Autonomia Propostas de Emenda Constitucional (PECs) que poderão dar autonomia administrativa e orçamentária à CGU e à PF aguardam votação no Congresso. Para Sundfeld, os projetos não passam de pautas corporativas para atrair mais recursos salariais e não representam a busca por mais eficiência. Além disso, ele ressalta que a PF já tem bastante autonomia e que sua vinculação com o Ministério da Justiça é importante para corrigir desvios que às vezes acontecem no interior da própria polícia. “É claro que os advogados têm que ter autonomia para trabalhar, assim como o médico tem que ter autonomia para tomar as decisões necessárias sem consultar o prefeito. Mas sou cético em relação à tese
de querer reforçar a qualidade da atuação da PF e da CGU, desvinculando-os do Executivo. Isso resultaria na diminuição da eficiência desses órgãos”, na opinião do analista. Conti também vê riscos na medida. “A autonomia pode ser utilizada somente para fins internos e corporativos e acaba não tendo vantagem na fiscalização pública”, observa o professor. Já Ismael considera importante manter a autonomia dos órgãos de controle em termos operacionais, desde que eles sigam prestando contas à Presidência.
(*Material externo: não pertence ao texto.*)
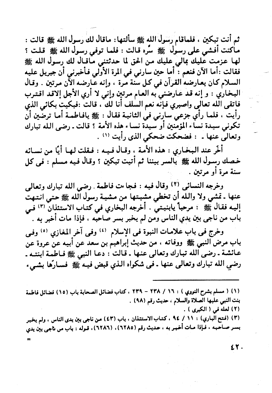 [ (1) ] (مسلم بشرح النووي) : 16/ 238- 239، كتاب فضائل الصحابة باب (15) فضائل فاطمة بنت النبي عليها الصلاة والسلام، حديث رقم (98) .
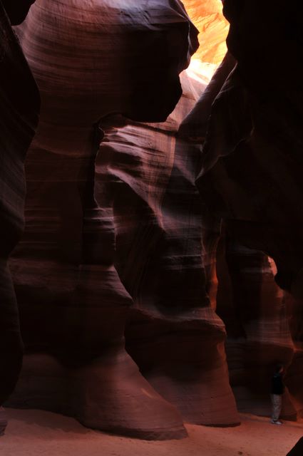 Like Lower Antelope, Upper Antelope is not much of a hike but the upper canyon is deeper, darker and more spacious inside than the lower. Dark walls accentuate the intense colors of the light overhead, hot yellow and orange; gaps allow orange, red and magenta to pour down into the caverns below where knots of photographers fiddle with tripods and exposures as guides point out cute formations with names like the Chief and the Shark. "Stand here and aim your camera there", they say, and so we do, but we'd rather be left alone to capture our own memories of a stunning place.

Desafios Melhorar a eficiência da gestão é o principal desafio, na opinião de Sundfeld. “Temos muitos órgãos de controle, uns atuando sobre os outros e olhando para a administração pública de maneira formalista. Há menos eficiência porque as autoridades têm medo de cair nas malhas dos órgãos de controle por uma besteira qualquer”, afirma. Para Ismael, autonomia e transparência são as palavras-chaves para tornar os órgãos mais eficientes. O especialista destaca a necessidade de haver publicidade de licitações do governo e respeito à Lei de Acesso à Informação para garantir investigações cada vez mais precisas e permitir que o cidadão comum possa investigar irregularidades. “A transparência nas licitações e nos gastos dá margem para que o cidadão comum, o pesquisador, a oposição e a imprensa fiscalizem”, diz. Segundo ele, é óbvio que o cidadão não pode investigar um esquema de corrupção sozinho, mas a participação mais ativa da sociedade na fiscalização da corrupção pode gerar um efeito muito positivo na administração pública, ao desencorajar atos ilícitos.